Certains entrepreneurs multiplient les créations d’entreprises les unes après les autres : ce sont les serial-entrepreneurs. D’autres juxtaposent leurs activités les unes aux autres, ajoutant sans cesse une nouvelle étiquette à un quotidien professionnel déjà bien rempli. Ce sont les slasheurs, des multipotentiels effrayés par l’ennui et boostés par les nouveaux challenges.
Parmi la population active française, 6 millions de personnes sont considérées comme des « slasheurs ». Entendez par là, des touche-à-tout, des modèles de polyvalence qui multiplient plusieurs projets en même temps. D’après les données de l’étude Slasher Economy commanditée par le Salon SME en juin 2022 dont est issu ce premier chiffre, 44 % des slasheurs sont aussi des entrepreneurs. Ce qui les pousse à adopter un tel mode de vie professionnel ? La volonté d’augmenter leurs revenus pour 67 % d’entre eux, celle de tirer des revenus d’une passion ou d’un hobby pour 29 % ou encore celle de préparer une reconversion pour 11 %.
« La plupart des études sur le sujet montrent que le modèle du slasheur a explosé, commente Marielle Barbe, auteure de « Profession slashing » (éditions Marabout). Si au début la tendance était de répondre à une nécessité, financière par exemple, désormais les slasheurs se lancent par choix, notamment pour accéder à l’entrepreneuriat tout en restant salariés. C’est une rampe d’envol. » Une prise de risques limitée donc, d’autant plus que tout entrepreneur est avant tout un slasheur dans l’âme.
En jonglant entre la comptabilité, le marketing, les ressources humaines, l’innovation, il multiplie déjà les casquettes. Ce qui correspond bien à l’état d’esprit du slasheur, qui est aussi un multipotentiel. « Contrairement à ceux qui se contentent de rester dans le périmètre des choses qu’ils ont la sensation de maîtriser, les profils multipotentiels ont un esprit de développement ou de croissance qui intègrent que l’échec fait partie de la vie. Ce dernier devient une opportunité d’apprendre », poursuit Marielle Barbe.

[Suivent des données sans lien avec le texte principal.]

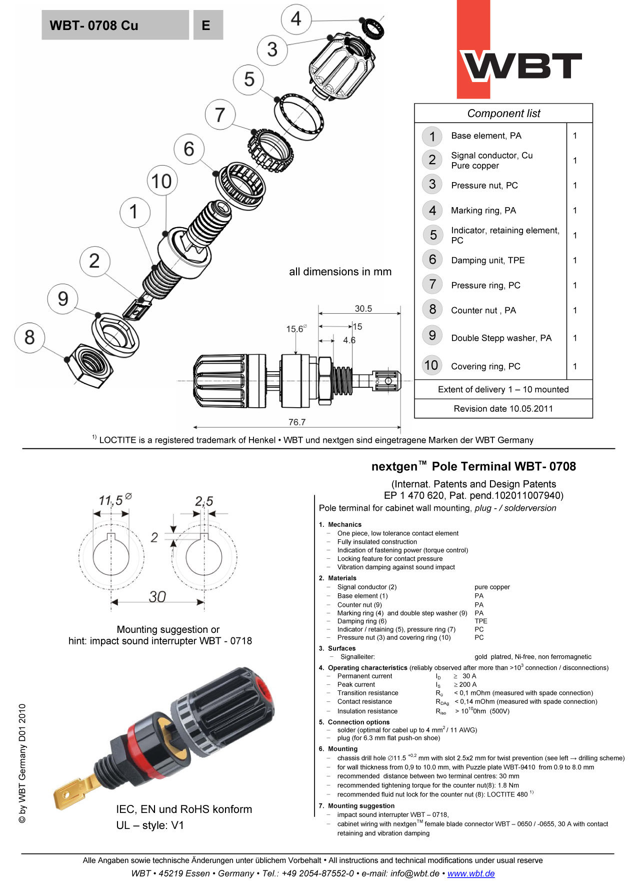 Германия оригинальная WBT 0708 Cu медная версия супер -значение лихорадка
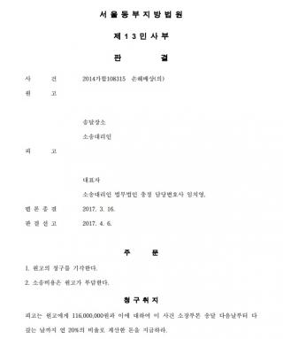 간 조직검사 않은 채 CT검사 시행 후 간세포암으로 확진한 것은 오진이라고 주장하면서 의사 상대로 손해배상청구소송을 제기하였습니다. 그러나, 환자의 만성 B형 간염은 간세포암의 가장 흔한 발병원인인 점, 이런 경우 결절의 크기가 1cm 이상이면 CT 검사만으로 간세포암 진단이 가능하고 조직검사는 간기능 저하에 따른 출혈, 검사의 어려움, 암종 전파의 위험성, 종양 표적의 어려움 때문에 거의 시행되지 않으며, 위음성률(검사의 오진 확률)도 33%에 이른 점, 다른 병원에서 이미 CT, MRI 검사 후 일치하여 악성 종양 소견인 점을 설명하여, 의료과실이 부인되어 전부 승소.

Ouvrir une nouvelle boucle
Aussi, les slasheurs font preuve d’agilité et de capacité de rebond. Leur curiosité insatiable les amène à être très créatifs et donc innovants. Ils explorent volontiers d’autres thèmes, ayant sans cesse envie d’ouvrir une nouvelle boucle. Ce sont des parcours en itération, et non linéaires. A l’instar de celui de Cécile Praud. Cette dernière est son propre patron depuis quinze ans et est à la fois : conseillère de vente à domicile, assistante administrative, responsable commerciale, formatrice en bureautique et conseillère municipale. Elle compte aussi reprendre une activité d’organisatrice de salons de bien-être, maintenant que la pandémie est passée.
Pourquoi en est-elle là aujourd’hui ? Par crainte de l’ennui ! « J’ai un tempérament hyperactif. J’ai eu un parcours dans le salariat qui m’a amenée à démissionner de trois CDI car, au bout d’un certain temps, j’ai le sentiment d’avoir fait le tour de mon poste, partage-t-elle. Même après plusieurs années d’indépendante dans la vente à domicile, j’ai commencé à m’ennuyer. Alors, lorsque j’ai eu l’opportunité de devenir formatrice en bureautique, j’ai sauté sur l’occasion, après un réaménagement de mon planning. Ce dernier bouge au gré des propositions. »
Trouver sa raison d’être
Mais comment ne pas se perdre quand on est un entrepreneur multipotentiel ? Pour Marielle Barbe, il faut trouver le lien entre toutes ses activités. « L’écueil, pour certains slasheurs, c’est de se laisser porter par ce qu’ils estiment être de bonnes idées. La clé pour l’éviter, c’est de trouver le fil conducteur entre toutes les activités. Ce lien profond raconte la raison d’être de la personne. Une fois qu’elle l’a trouvée, elle ne peut pas se perdre », explique-t-elle.
Pour Cécile Praud, ce lien est évident : c’est le relationnel. « Dans la vente à domicile, il y a beaucoup de relationnel, que ce soit auprès des clientes ou auprès des neuf contrats VDI (vendeur à domicile indépendant) qui composent mon équipe. Ce relationnel, je le retrouve aussi dans la formation et dans mes fonctions de responsable commerciale », partage celle qui n’hésite pas à imbriquer ses activités les unes aux autres pour arriver à tout caler dans son agenda. Il faut dire aussi que l’amplitude de ses journées sont larges : de 7h30 à 1h du matin, et ceci six jours sur sept. « Je suis devenue une pro de la gestion de planning », glisse Cécile Praud, en riant. Avec un fond de vérité : si jamais une nouvelle opportunité se présentait à elle, elle l’accepterait… à condition que son agenda le permette.